In the context of today’s world, the awarding of the Peace Prize is particularly moving and heartening, as it testifies to your interest in the efforts we, the peoples of the South, are making to free ourselves from the evil and archaic dictatorships in our countries in a once glorious and enterprising Arab-Islamic world that has been insulated and stagnant for so long that we have forgotten we have legs, that we have a head and that legs can serve to stand, to walk, to run, to dance if we so choose. And that with a head we can do something inconceivable and magnificent, we can invent the future and live it in the present in peace, liberty and friendship.

It is an exhilarating and redemptive ability: we invent the future even as it invents us. Mankind is very fortunate to possess such a faculty, to be able to live according to its own will within the unfathomable and indomitable fabric that is Life. In fact this is a banal truth, it is discovering it which is surprising; life is a constant, a revolutionary invention and we are living poems, romantic and surrealist, carrying within us eternal truths and infinite promise, to truly see us one must look below the surface.
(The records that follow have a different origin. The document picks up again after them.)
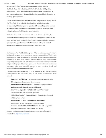 5/15/25, 11:11 AM Company News in Egypt: SATExpo’s second day highlights AI integration and future of satellite innovations
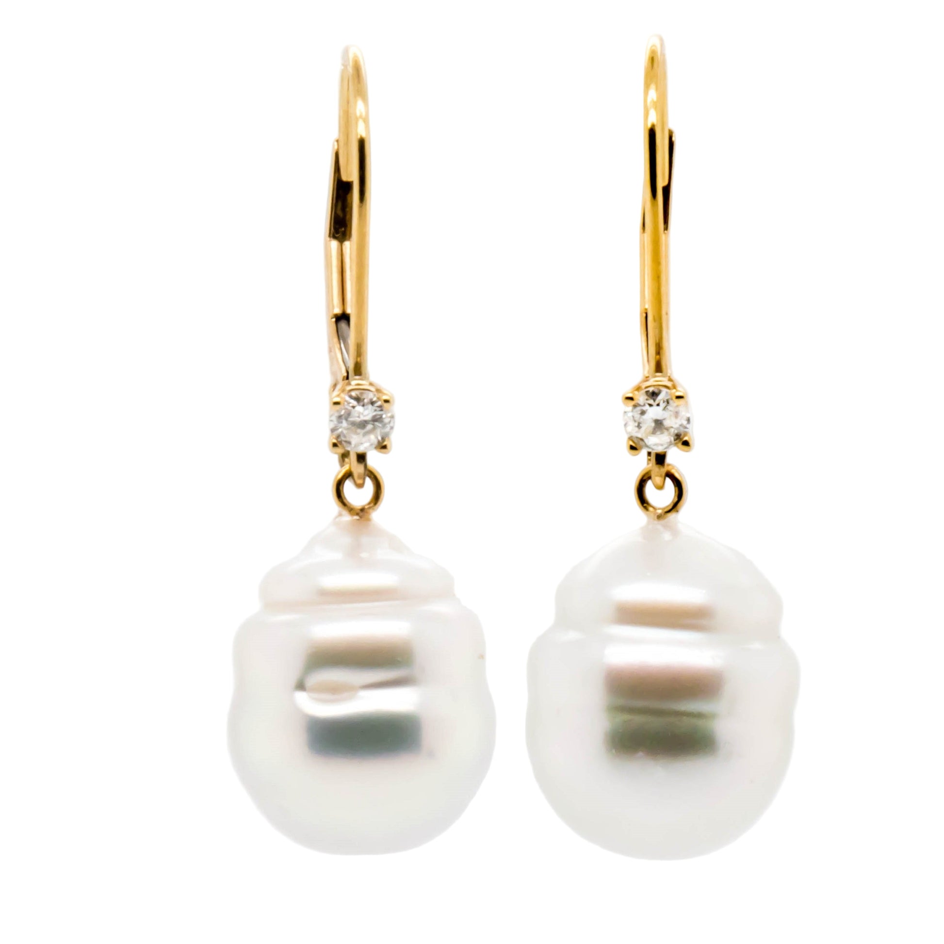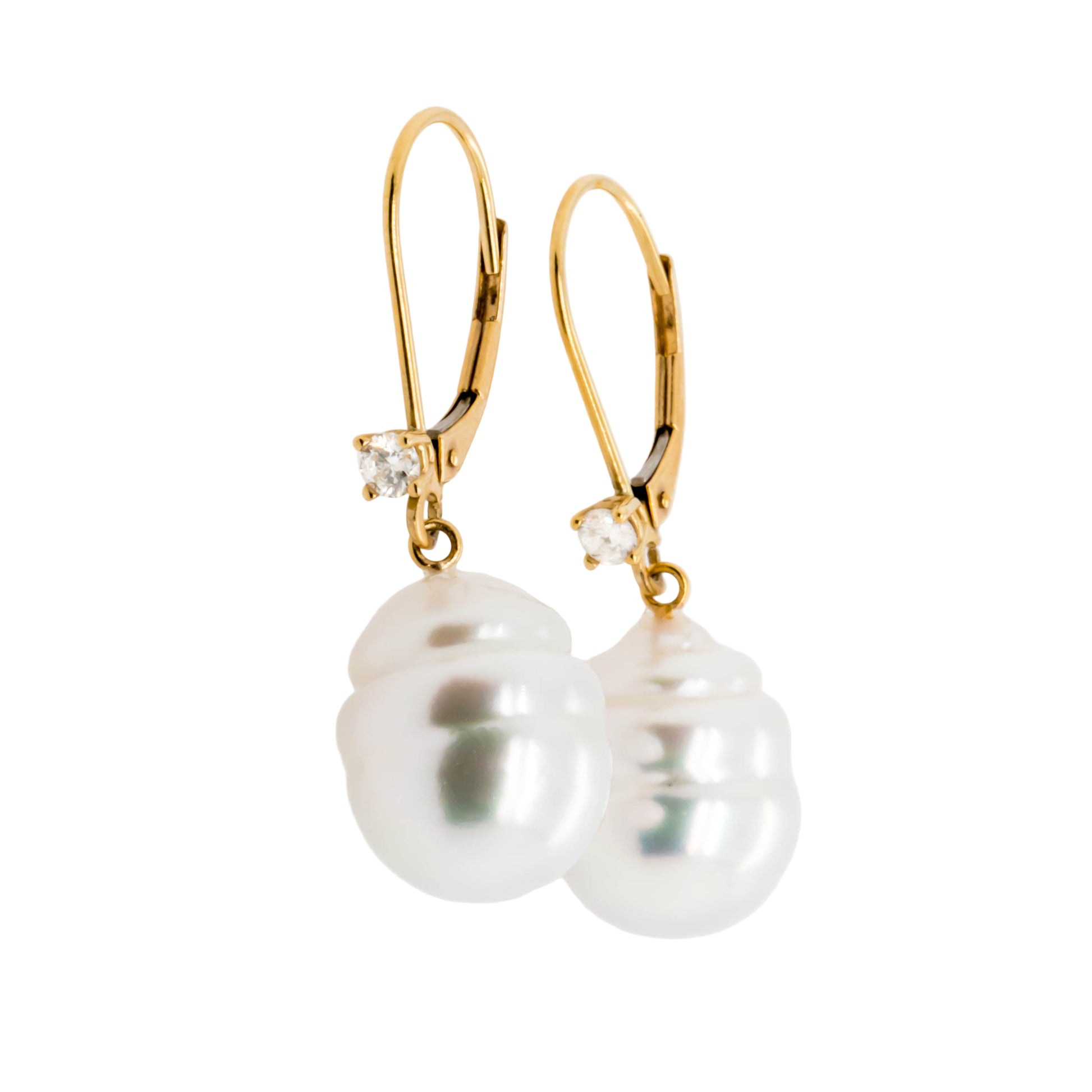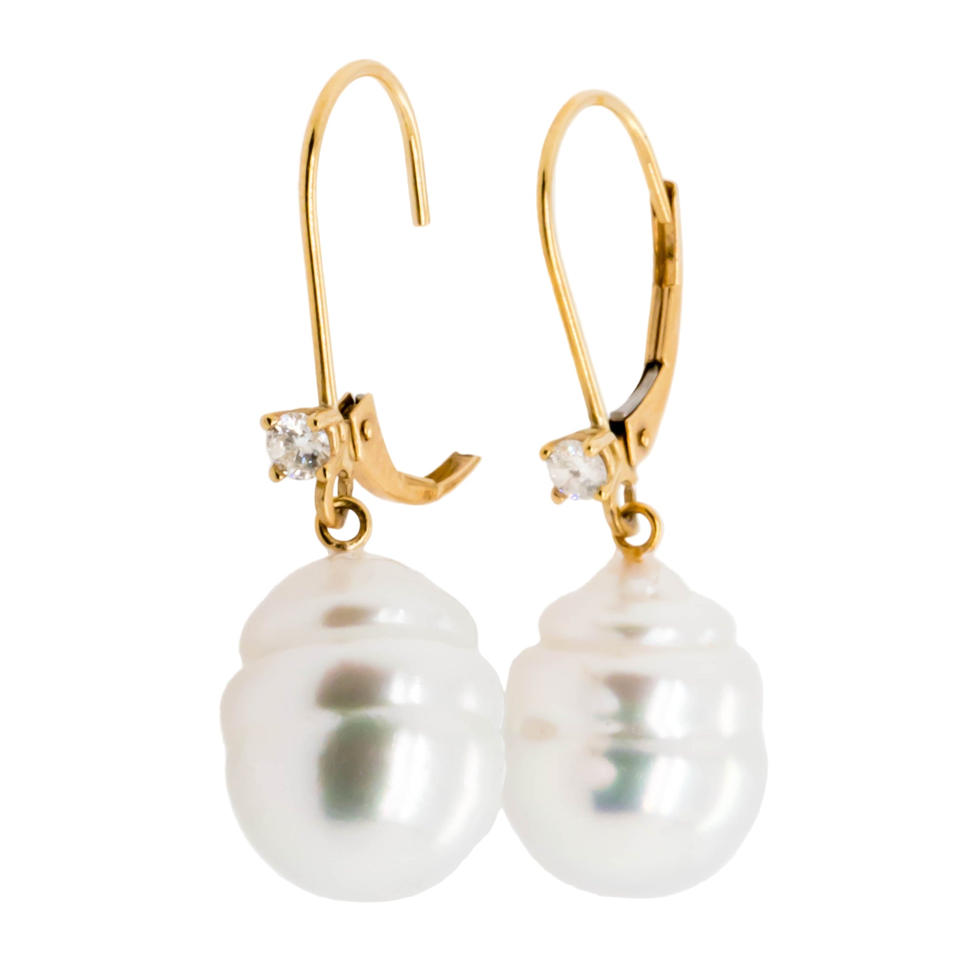 Elegant leverback earrings showcasing lustrous 12-12.5mm baroque Australian south sea cultured pearls suspended from 14K yellow gold settings. The organic, irregular pearl shapes create a refined aesthetic, while the secure leverback closure ensures comfortable all-day wear. A timeless addition to any jewelry collection.
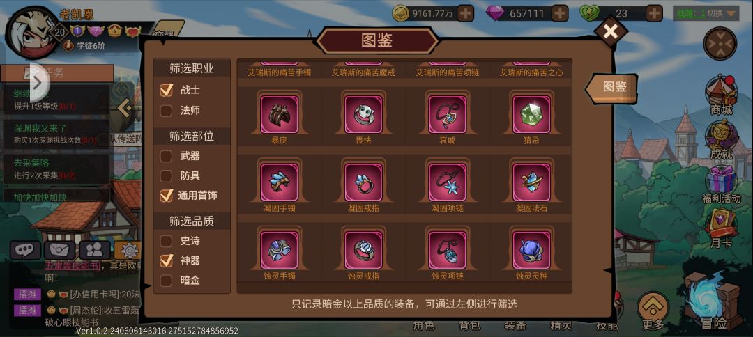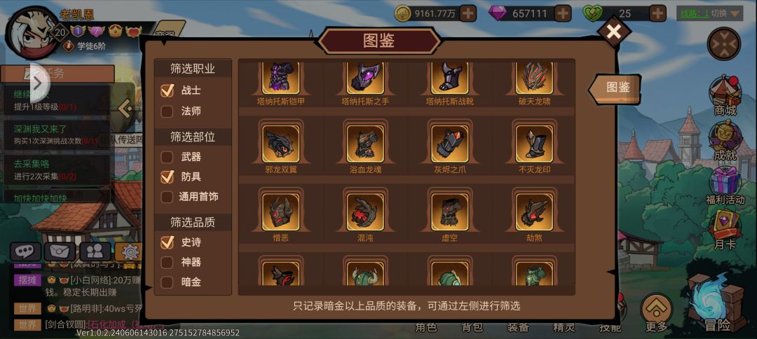 暗金流派可以在这里就换装了,后续的暗金装备实用性非常低,建议最低使用粉套。
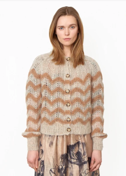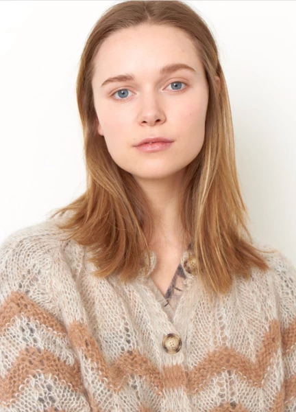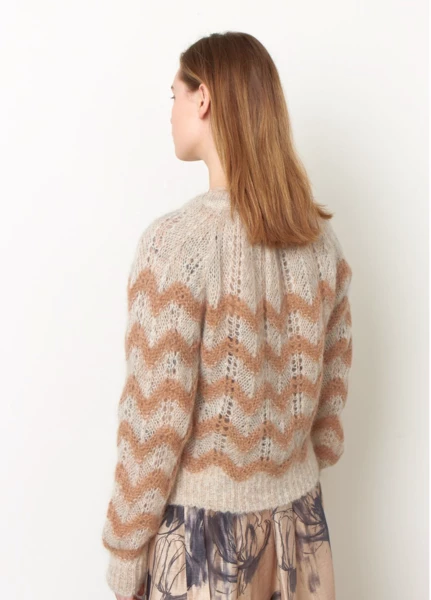 Pull by SECOND FEMALE Second Female knit with zigzag pattern made in a soft, wool and alpaca mix quality. The knit has ribbing along the rounded neckline, hemline and cuffs. It has voluminous raglan sleeves. Wool and alpaca mix quality Zigzag pattern Fit: Loose, but not oversized Rounded neckline Composition 35% Mohair 35% Alpaca 30% Polyamide More info or can’t find what your are looking for? Contact us Can’t decide? Ask your friends!
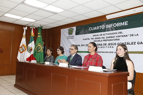La Universidad Autónoma del Estado de México materializa las esperanzas sociales de los mexiquenses, al mejorar su cobertura y servicios educativos y formar más estudiantes con mayor calidad, sostuvo el rector Alfredo Barrera Baca, al presidir el cuarto informe de actividades de la directora del Plantel “Dr. Ángel María Garibay K.” de la Escuela Preparatoria, Georgina de Jesús González García.
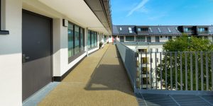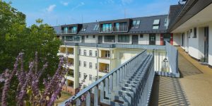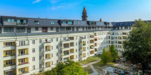 Neubau des Dachgeschosses mit neuer Dachform und zwei neuen Geschossebenen. Mit 58 Wohnungen. Davon sind 22 Wohnungen barrierefrei und 32 Maisonettewohnungen. Die restlichen 10 Wohnungen liegen in den 4 Eckhäusern.
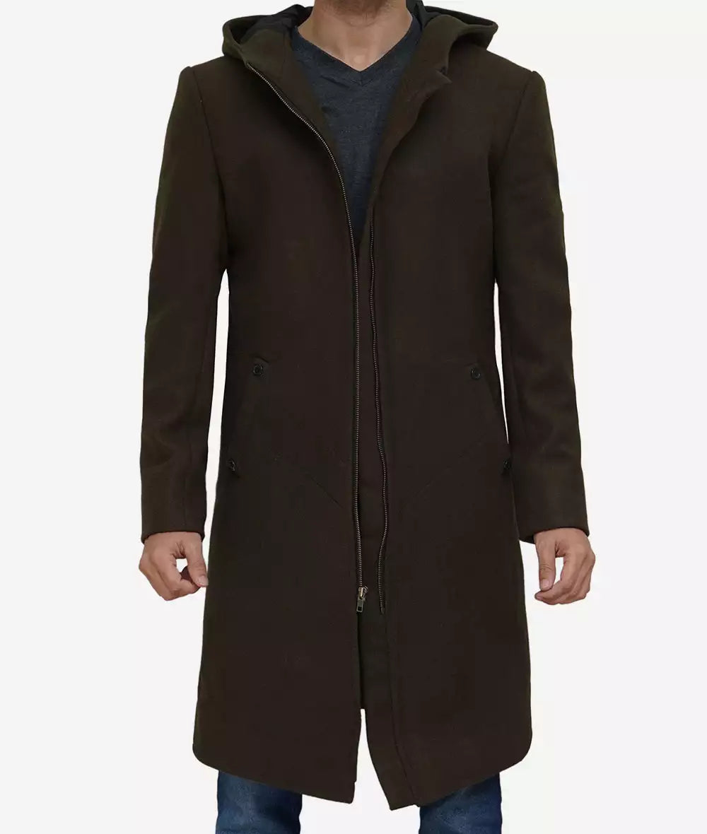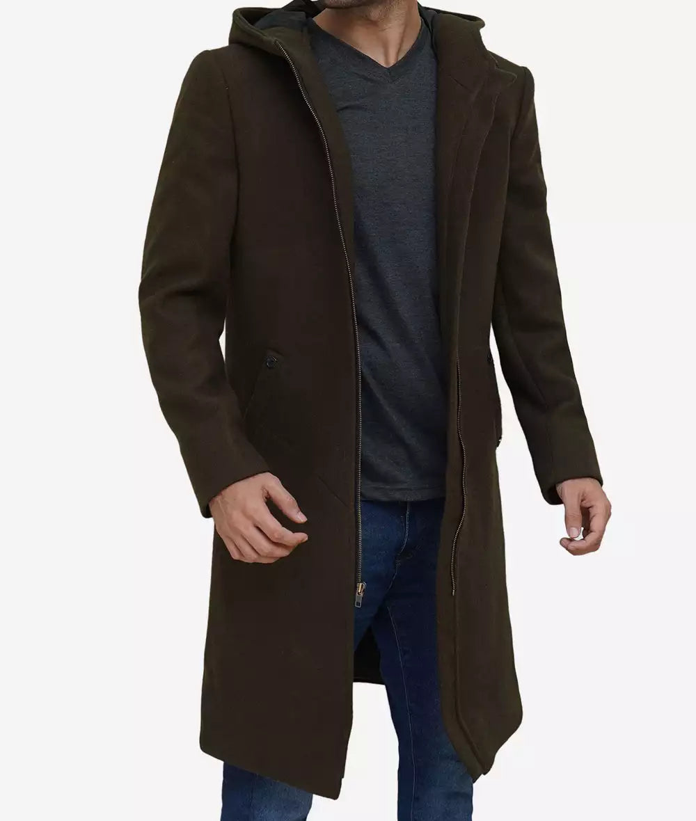 Delbert Men’s Olive Green Premium Wool Coat with Hood
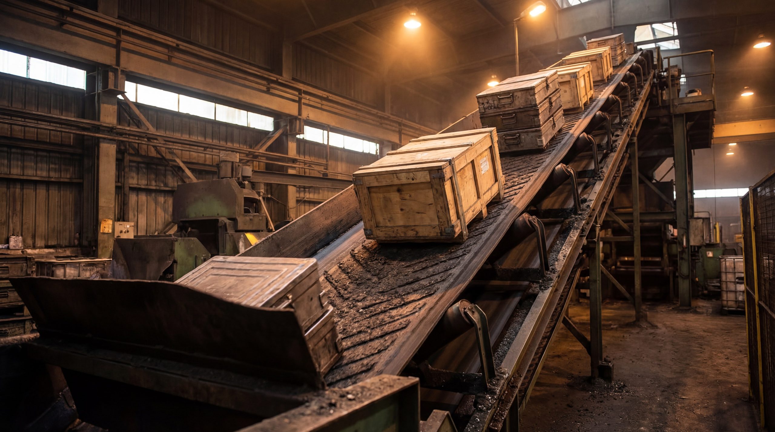 A rough top rubber conveyor belt is essential for casting because plaster molds are often heavy, wet, and incredibly smooth on the bottom. Without a textured surface, these molds act like skates on a flat belt, leading to catastrophic collisions at the base of your inclines.
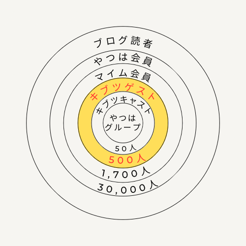 その内側に”やつは会員(またはメルマガ登録者)”の方々がおよそ3万人ほどいて、主にやつはショップで商品を購入したり、サービスをご利用されているお客様となります。

The free man has no choice but to act like a god, an audacious creator who constantly forges ahead, for otherwise he sinks into the non-being of fatalism, of slavery, of perdition. 

Camus, the Franco-Algerian rebel, urged us not to resign ourselves, words we believe now more than ever, in a time of terror and hope courage is our only option because it is what is decent and right; this is why we look to the future with confidence.

This has a particular resonance for me at a time when a wind of change is blowing through our Arab countries, bringing with it those humanist values, born of freedom and hence universal, which are the bedrock of my commitment. Literary merit, however great, is, I believe, worth little unless it is in the service of a great cause, the promotion of a language, a culture, a political or philosophical vision.

Animated by the spirit of freedom

I would like to believe that what we do, we writers, filmmakers, poets, philosophers, politicians, has contributed, if only in some small way, to hastening this Arab Spring which made us dream, made us impatient as we watched it unfold, driven as it was by the spirit of freedom, of newfound pride and of courage, facing down every threat; and if I have contributed to it in some small way, it is only as one among many Arabic intellectuals and artists who are infinitely more deserving. Some have achieved great fame and their name alone can bring a crowd to its feet.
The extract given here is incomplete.